I've heard a lot of really funny things since I have been on campus:

"It's no wonder pastors seem to be alcoholics. It must start with summer Greek."

"Did you know that clergy have the highest suicide rate of any other vocation? That doesn't surprise me anymore..." (That is actually not accurate according to the data I have found- doctors are most likely to commit suicide.) 

"We are at the point where we can't even speak English correctly anymore... Was that a real sentence?"

"I don't even know what it is like to not think about Greek. A week ago I never thought about Greek. Now it's my life and I don't know what to do about it."


Greek was rough on all of us. 

If you are just catching up with me, I was in an intensive ten-day Greek class. Basically they crammed 117 hours of a whole semester into ten days because they thought it would be funny. 

Greek is a very foreign language. First you have to learn a whole different alphabet from English. Then you have to put those letters together and memorize those combinations into some sort of vocabulary word. Then you completely change the vocabulary word into something that looks nothing like you first learned it and you are supposed to know the case/gender/number/voice/mood for everything. 

No thanks. 

It has pretty much been more work than I did in all of my undergrad in every class combined. And this class is ten days long. Graduate school is real life hard. 

But, as we learn through reading the Bible (in whatever language), the dead end is not actually the end. When we think everything is going wrong and nothing good could ever come out of this, God surprises us. 

SHAZAM! (ιδου!) RESURRECTION!

Greek was heinous. I barely slept and mostly only thought about Greek. But God did something in that time that was so profound and moving that I would do it all over again if I needed to. He brought a miracle out of the mess.

In my first two and a half weeks of seminary, I met more amazing people than I could have ever imagined congregated in one area. I have worshiped more fervently than I have ever thought possible. And I have prayed aloud more frequently than I have ever wanted.

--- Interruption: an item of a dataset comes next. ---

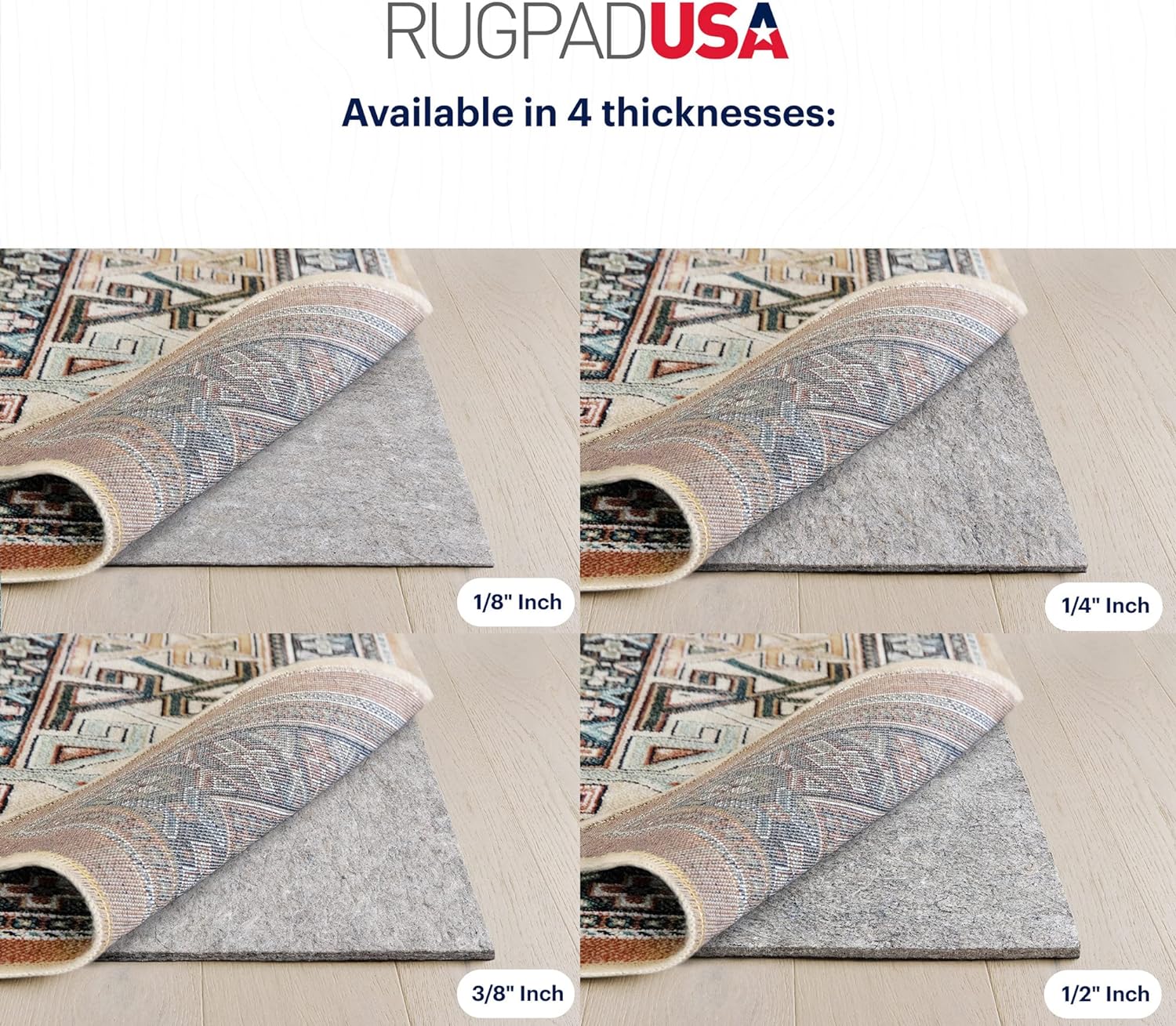 RUGPADUSA - Dual Surface - 3' Round - 3/8" Thick - Felt + Rubber - Enhanced Non-Slip Rug Pad - Adds Comfort and Protection - for Hard Surface Floors

I didn't think I needed anything to convince we that I was in the right place, doing the right thing. But from the minute I went to Pilgrim with Ronnie at 8am for the matins service on Sunday morning, I knew God was up to something. I needed this community and I needed this place in my life and I didn't even realize it. (Thanks, God.)

I can already tell that these (unlike undergrad or high school) are going to be some of the best years of my life. The people are so beautiful here. And it's not only the people here- I have been getting overwhelming support from both of my home churches and my family and friends. I am spoiled and I don't deserve it. It restores what I have always wanted to believe about humanity... God is within us and living among us today.

I am falling in love with Jesus over and over again every single time I meet someone new. And it brings so much joy to my heart. God brought a miracle out of the mess.